» **Input for this task**:
[Start of section]
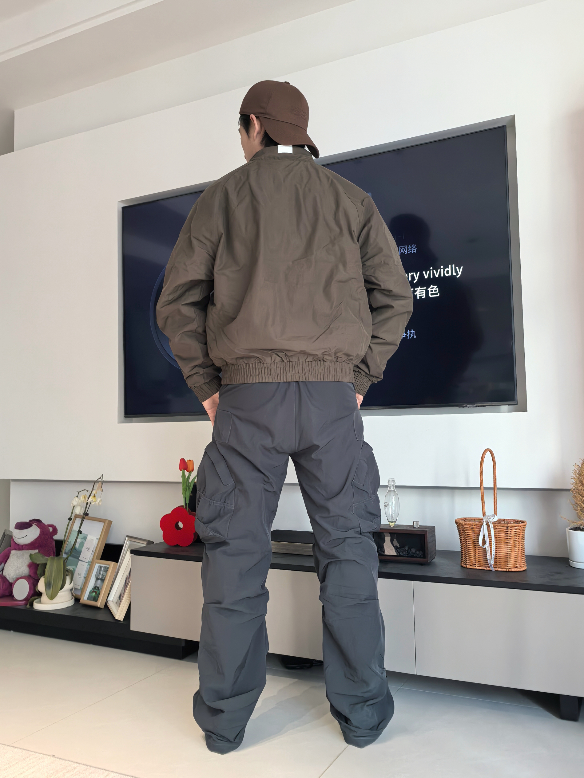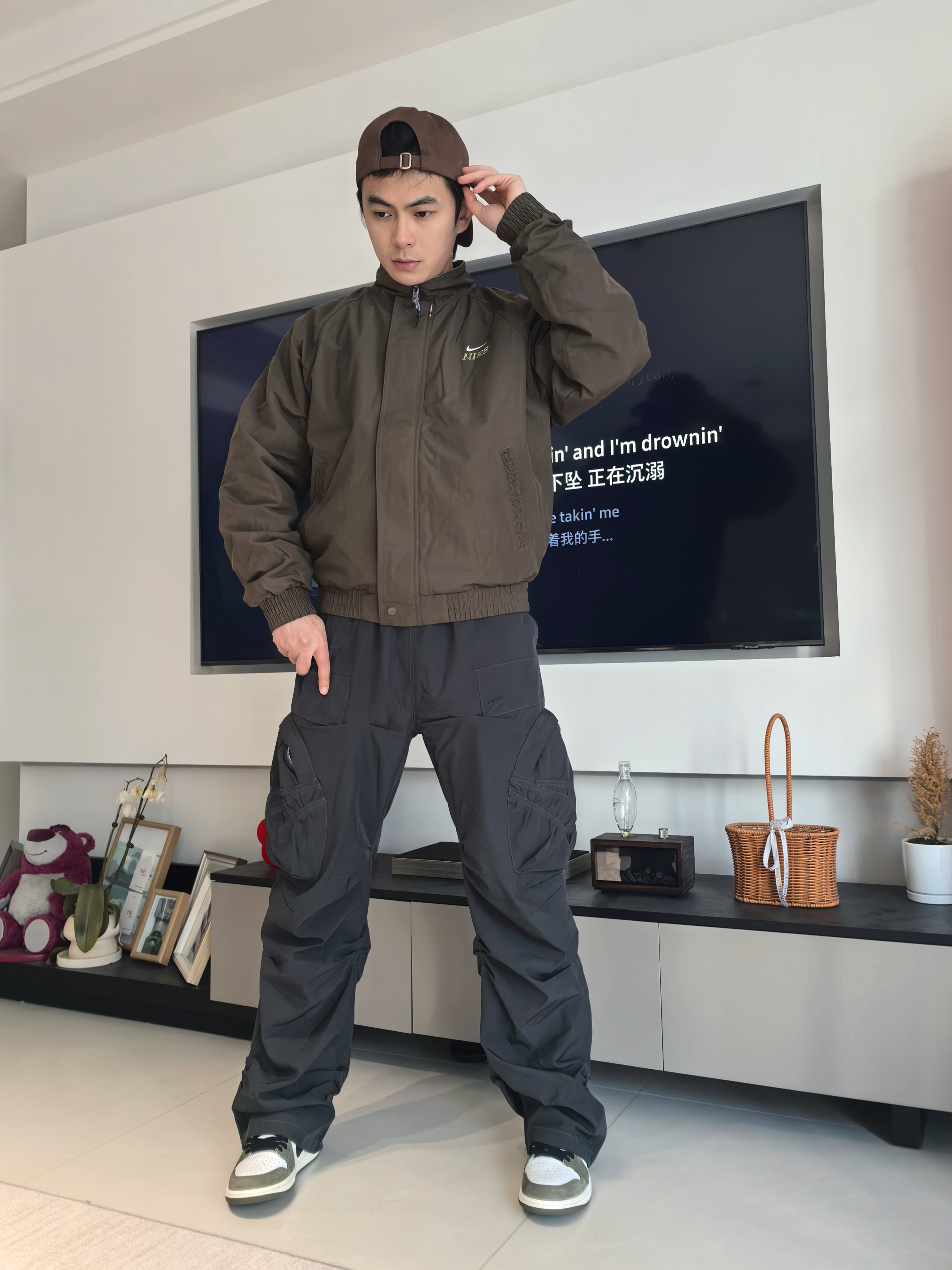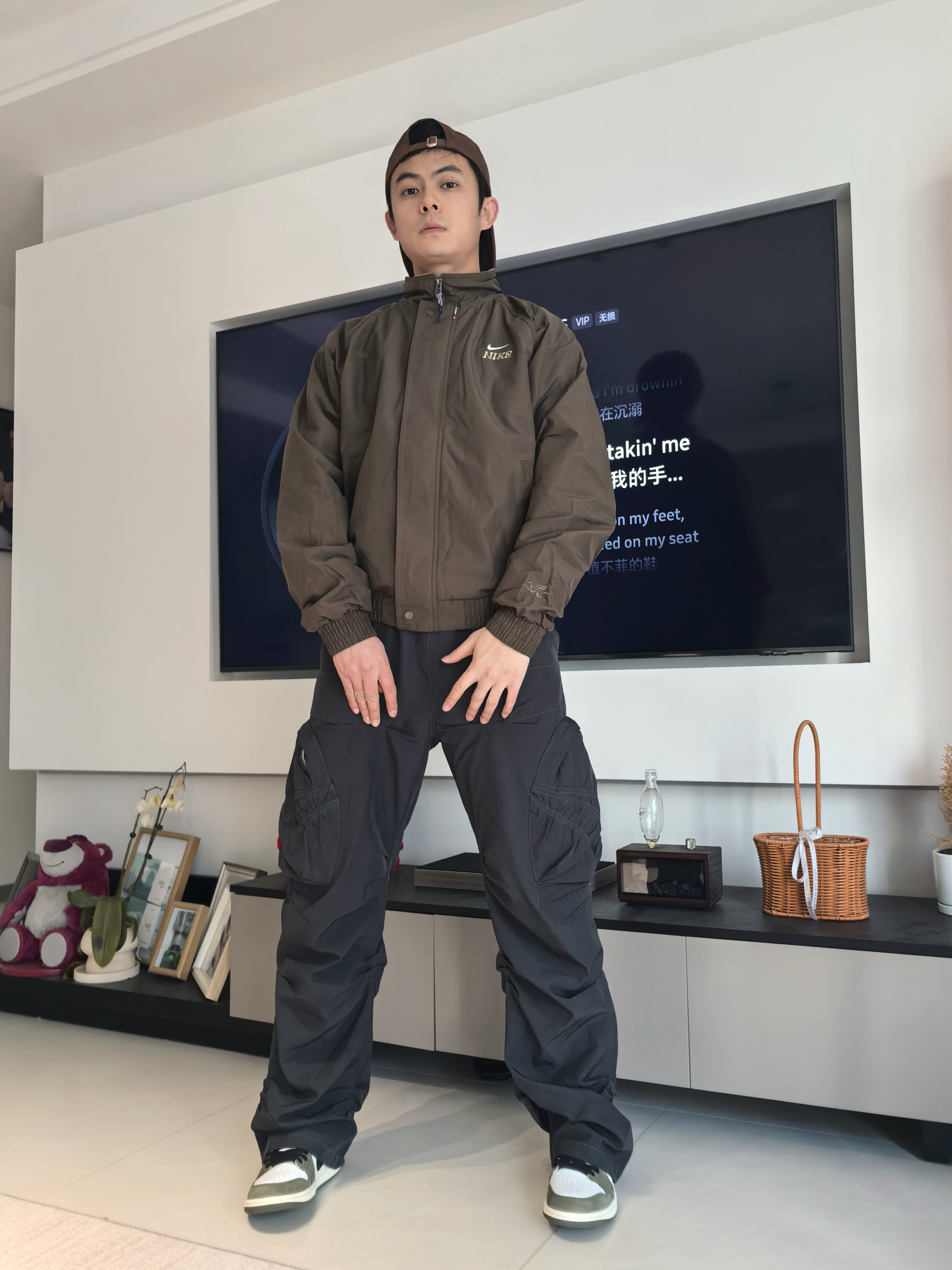 🏃上次我尝试了这件的深红色款,但我会觉得这件深色款会更适合大部分人去搭配 🔖衣服的细节还是这次的飞马标志,在袖口会有点若隐若现的感觉,这点我觉得还不错呢! 整体的效果其实不会太偏向于过年氛围感反而更像一件日常百搭经典款 我选择搭配到的是一条灰色阔腿裤,鞋子是我认为今年的开年王炸球鞋AJ1橄榄绿低帮,日常搭配还是比较简单的
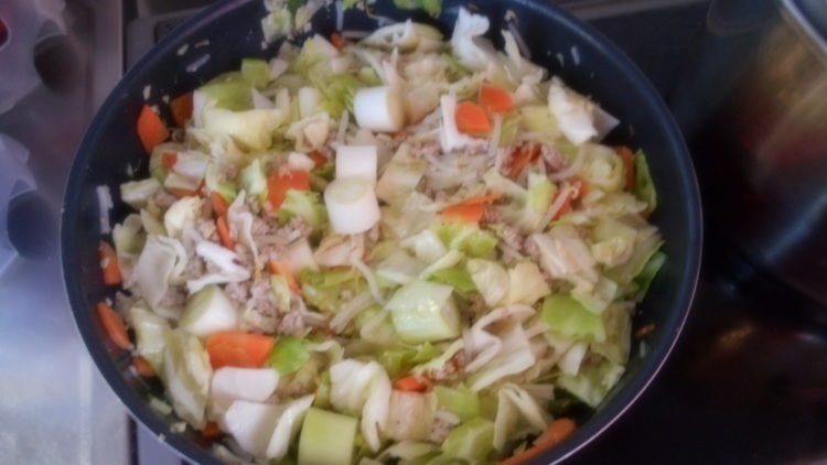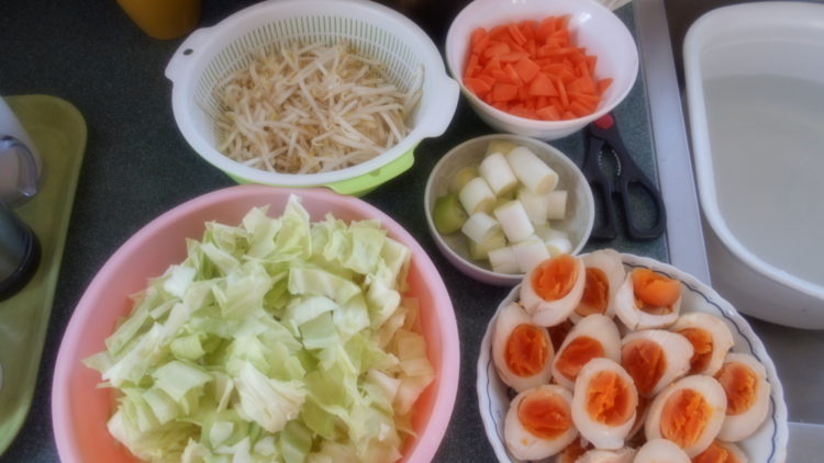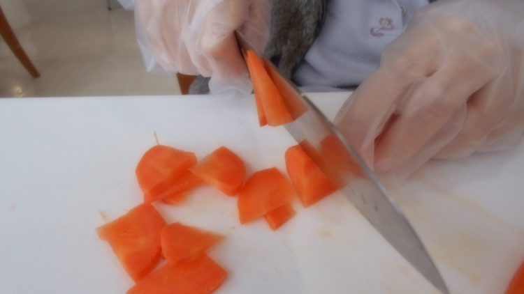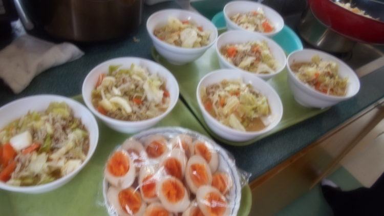 食材が切れたので、これからは職員が調理行ないました。これらの食材を軽く炒めて
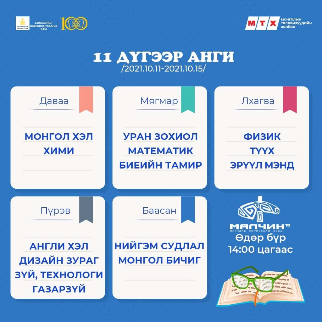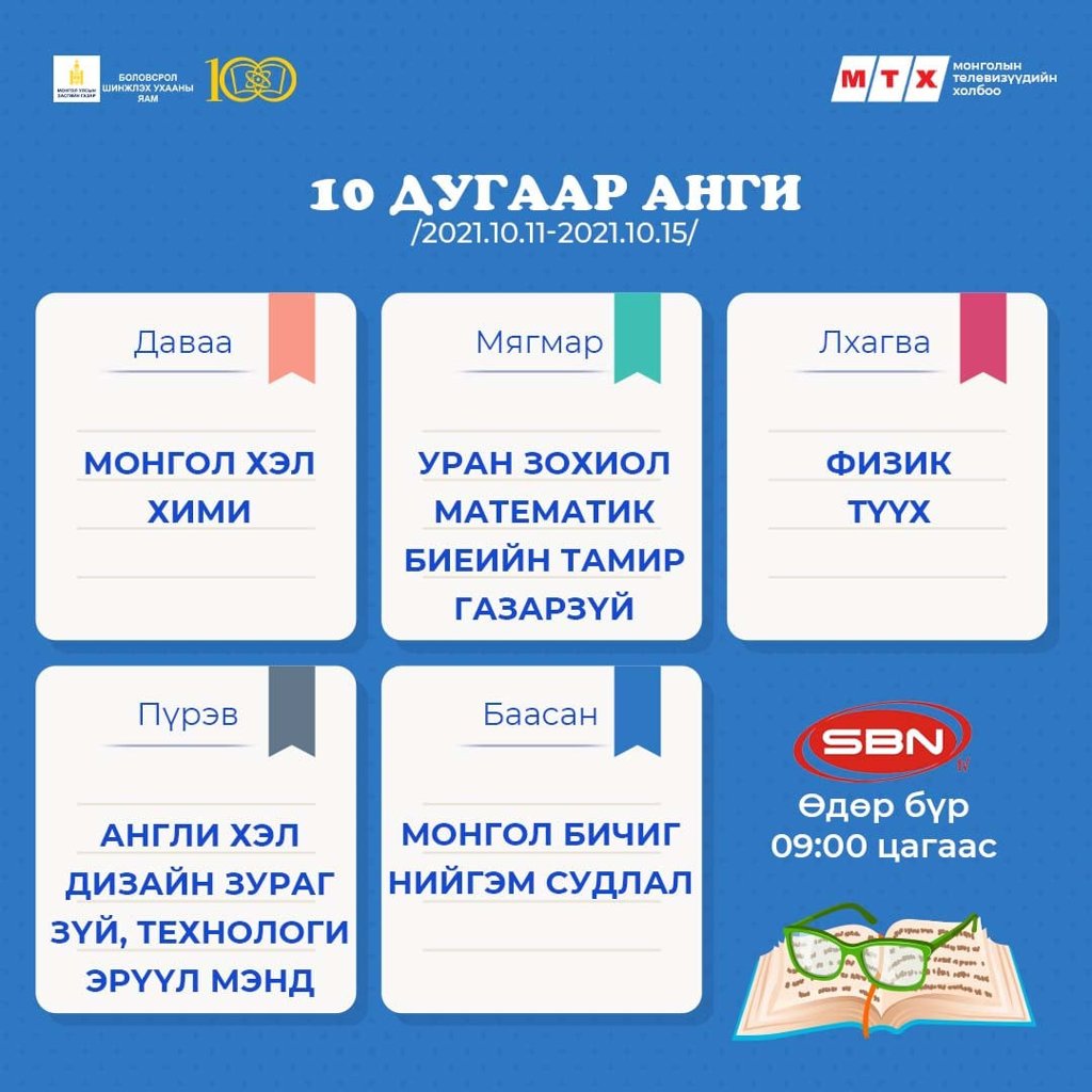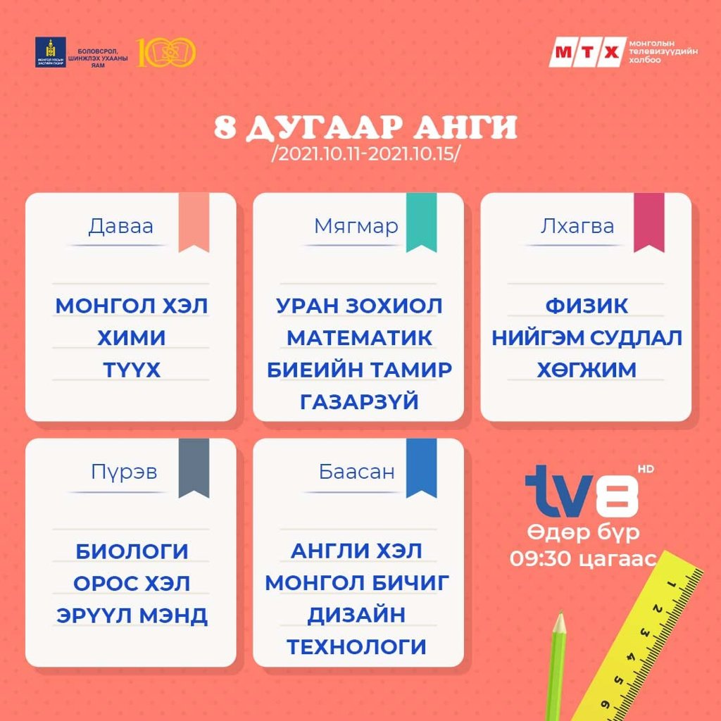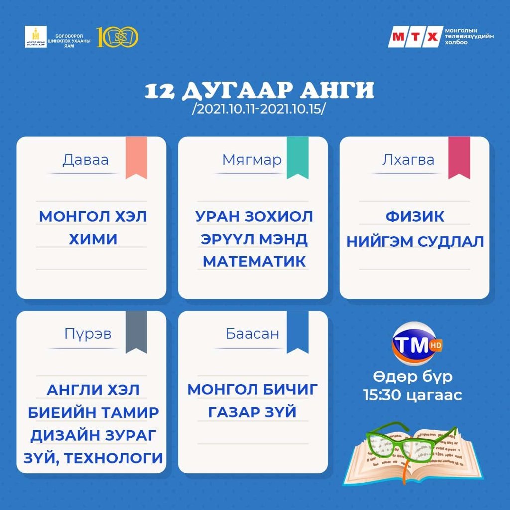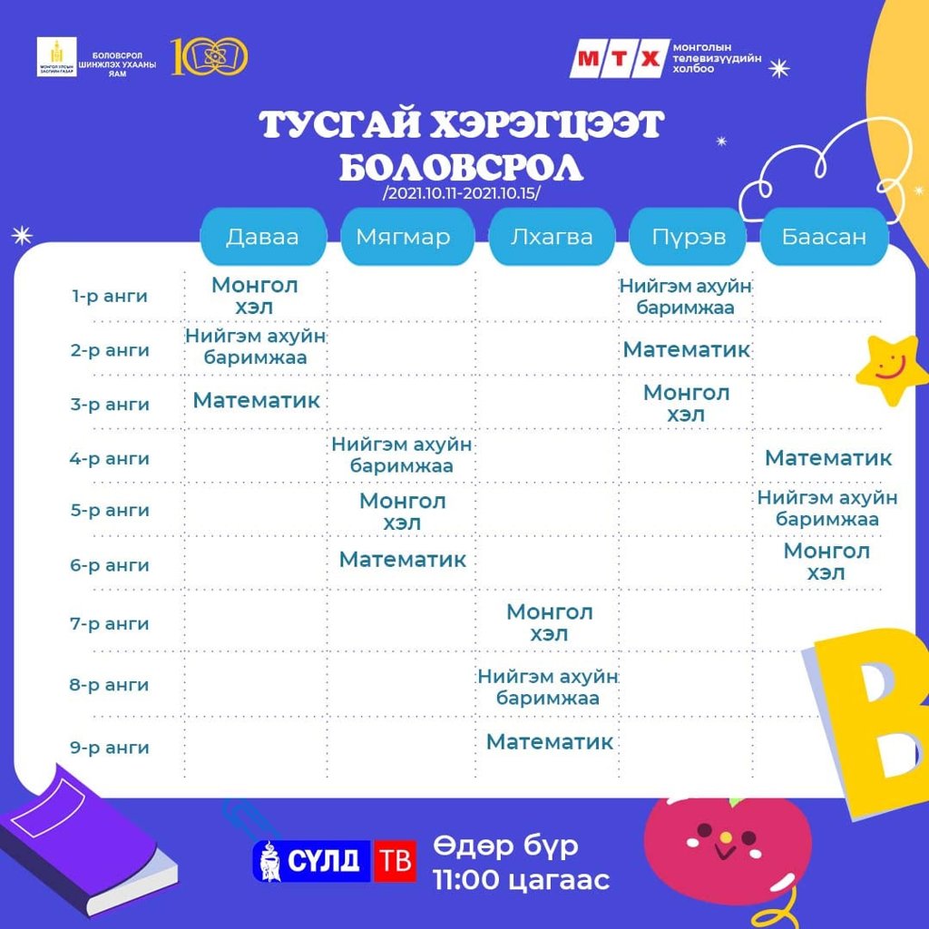 Ковид-19 цар тахлын улмаас хичээл сургалтын үйл ажиллагаа танхимын хэлбэрт бүрэн шилжээгүй байгаатай холбогдуулан сурагчид хичээлээ бататгах зорилгоор теле хичээлийг үзэх боломжтой.
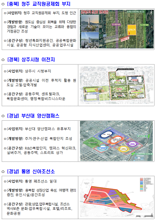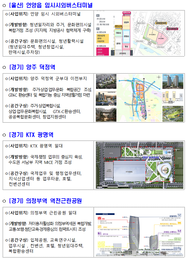 “지자체가 공간재구조화계획 수립, 사업시행자 선정, 개발사업 인·허가 등 앞으로의 절차를 차질 없이 진행할 수 있도록 지원하겠다”라고 밝혔습니다.
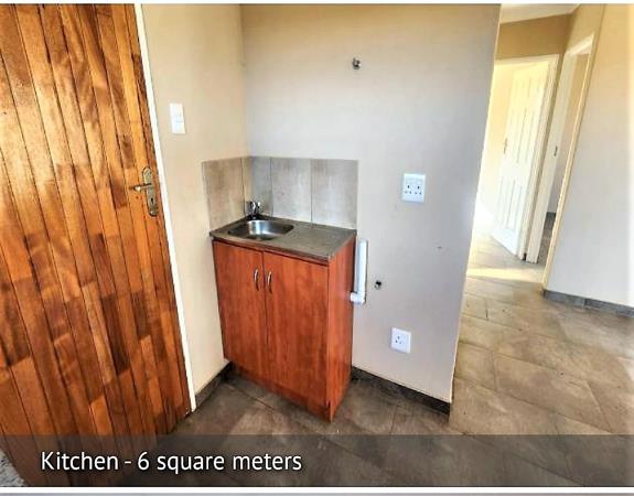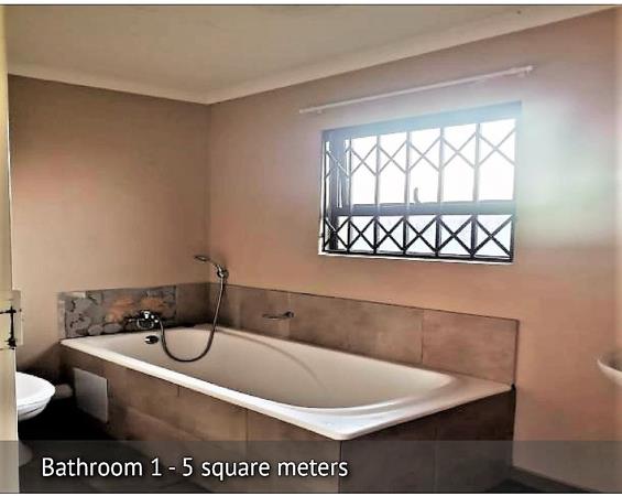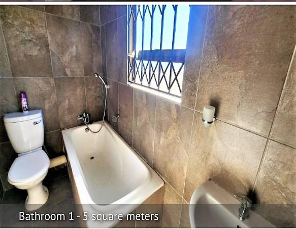 The single bathroom is well-appointed with a full bath, fully tiled walls, and benefits from natural light and ventilation via a window fitted with security bars. The overall design prioritizes security and practicality, making it a sensible choice for a secure lifestyle. With its modern finishes and essential amenities, this home is ready for immediate occupation.
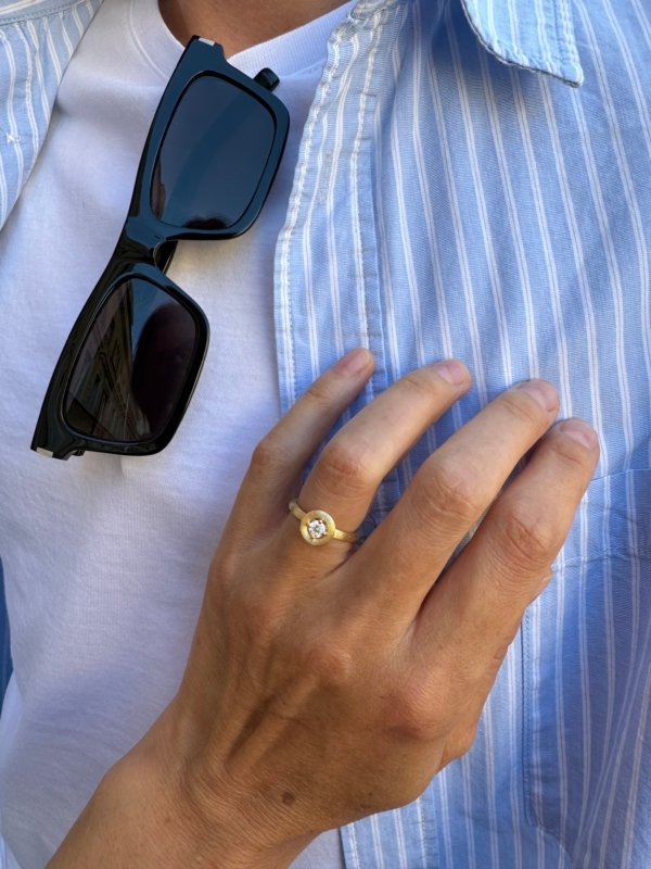 Kai ieškote kažko išskirtinio. NOA kolekcijos žiedas, pagamintas iš 750 prabos aukso su Hearts & Arrows šlifavimo, natūraliu deimantu.
[End of section]
» **Exercise aim**:
Your job is to repeat the data exactly, leaving each picture out.

» **Exercise answer**:
 🏃上次我尝试了这件的深红色款,但我会觉得这件深色款会更适合大部分人去搭配 🔖衣服的细节还是这次的飞马标志,在袖口会有点若隐若现的感觉,这点我觉得还不错呢! 整体的效果其实不会太偏向于过年氛围感反而更像一件日常百搭经典款 我选择搭配到的是一条灰色阔腿裤,鞋子是我认为今年的开年王炸球鞋AJ1橄榄绿低帮,日常搭配还是比较简单的
 食材が切れたので、これからは職員が調理行ないました。これらの食材を軽く炒めて
 Ковид-19 цар тахлын улмаас хичээл сургалтын үйл ажиллагаа танхимын хэлбэрт бүрэн шилжээгүй байгаатай холбогдуулан сурагчид хичээлээ бататгах зорилгоор теле хичээлийг үзэх боломжтой.
 “지자체가 공간재구조화계획 수립, 사업시행자 선정, 개발사업 인·허가 등 앞으로의 절차를 차질 없이 진행할 수 있도록 지원하겠다”라고 밝혔습니다.
 The single bathroom is well-appointed with a full bath, fully tiled walls, and benefits from natural light and ventilation via a window fitted with security bars. The overall design prioritizes security and practicality, making it a sensible choice for a secure lifestyle. With its modern finishes and essential amenities, this home is ready for immediate occupation.
 Kai ieškote kažko išskirtinio. NOA kolekcijos žiedas, pagamintas iš 750 prabos aukso su Hearts & Arrows šlifavimo, natūraliu deimantu.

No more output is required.